La cimice asiatica. La cimice asiatica, nome scientifico Halyomorpha halys, è un insetto originario di Cina, Giappone e Taiwan. È stato accidentalmente introdotto negli Stati Uniti nel 1998 e dal 2010 è una presenza stabile dei frutteti americani. In Italia il primo esemplare è stato rinvenuto in provincia di Modena nel settembre 2012 e da allora si è rapidamente diffuso nelle altre regioni del Nord. In Lombardia è stato segnalato già dal 2015. La cimice asiatica è un insetto che ha una mascella modificata in grado di perforare meglio piante e frutti, rovinando i raccolti e favorendo anche l’insorgere di patologie della frutta.

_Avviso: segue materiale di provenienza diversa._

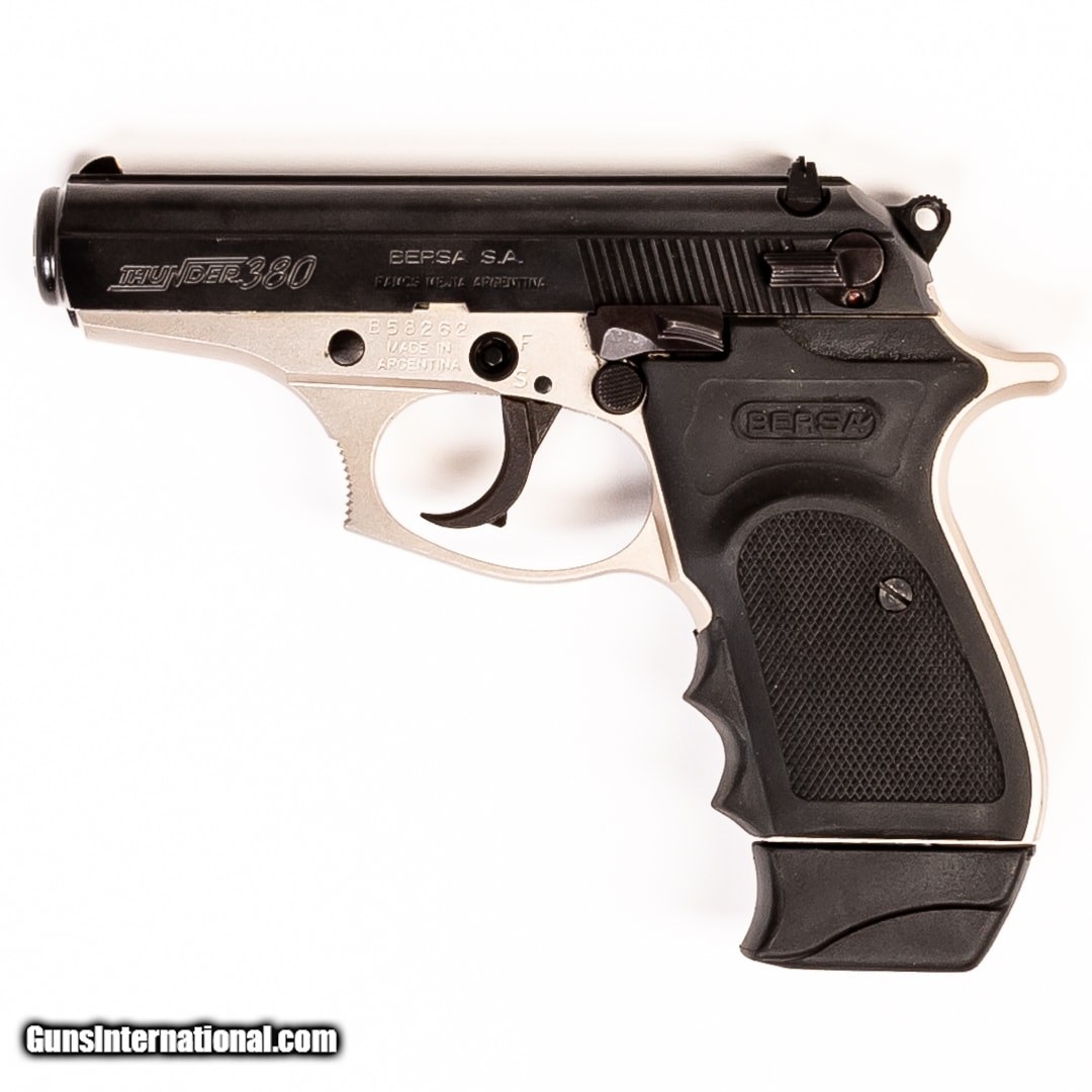 Description: Guns Listing ID: 405169 The Bersa Thunder 380 is a compact handgun that boasts reliability, all-metal construction, and a wallet-friendly price tag. Designed to be functionally and aesthetically similar to the world-renowned Walther PPK, this pistol is well-suited for daily carry as well as target practice at the range. This Thunder 380 comes with the original case, one 7-round magazine, extra grips, and a holster. SOLD Manufacturer: BERSA Model: THUNDER 380 Caliber Info: .380 ACP Condition: Used - Certified Barrels: 3.5 BARREL Finish: TWO-TONE |

«Da noi è sbarcata due anni fa — conferma Mariangela Ciampitti del Servizio Fitosanitario Ersaf —. I primi ad essere attaccati sono stati i frutteti dell’Emilia Romagna, poi è arrivata anche in Lombardia, diffondendosi praticamente ovunque».

La situazione tra Como e Lecco. «La diffusione di questo insetto è favorita dai cambiamenti climatici, che portano a un generale innalzamento delle temperature medie, e dalla mancanza in Italia di antagonisti naturali. Cosa che ha permesso alla cimice asiatica di prendere d’assedio non solo i campi dei nostri agricoltori ma anche le case dei cittadini. Per questo, urge incentivare gli organi di ricerca per trovare un antagonista a questo insetto, così come fatto con ottimi risultati per il cinipide del castagno», afferma Trezzi.
Questi parassiti, spiega la Coldiretti interprovinciale, sono infestanti e altamente polifagi. Capaci di causare in poco tempo danni ingenti alle colture, si nutrono principalmente di frutti e ortaggi, tra cui pesche, mele, soia, ciliegie, lamponi, pere e fagiolini. Per alimentarsi, la cimice perfora con l’apparato boccale il frutto per succhiarne fuori i nettari, causando però la formazione di aree necrotiche nella polpa o la formazione di fossette sulla buccia.
«Il danno al mio meleto causato dalla cimice asiatica quest’anno è impressionante — racconta Orlando Dal Grande, imprenditore agricolo di Lomazzo con 2 ettari di frutteti tra mele, pesche e pere —: ho dovuto buttare via circa il 90% dei frutti perché deformati o necrotizzati dalle punture di quest’insetto. Ogni cimice, tra l’altro, riesce a pungere il frutto circa una ventina di volte, rendendolo immangiabile. Così, tutte le mele danneggiate le ho potute usare solo come concime».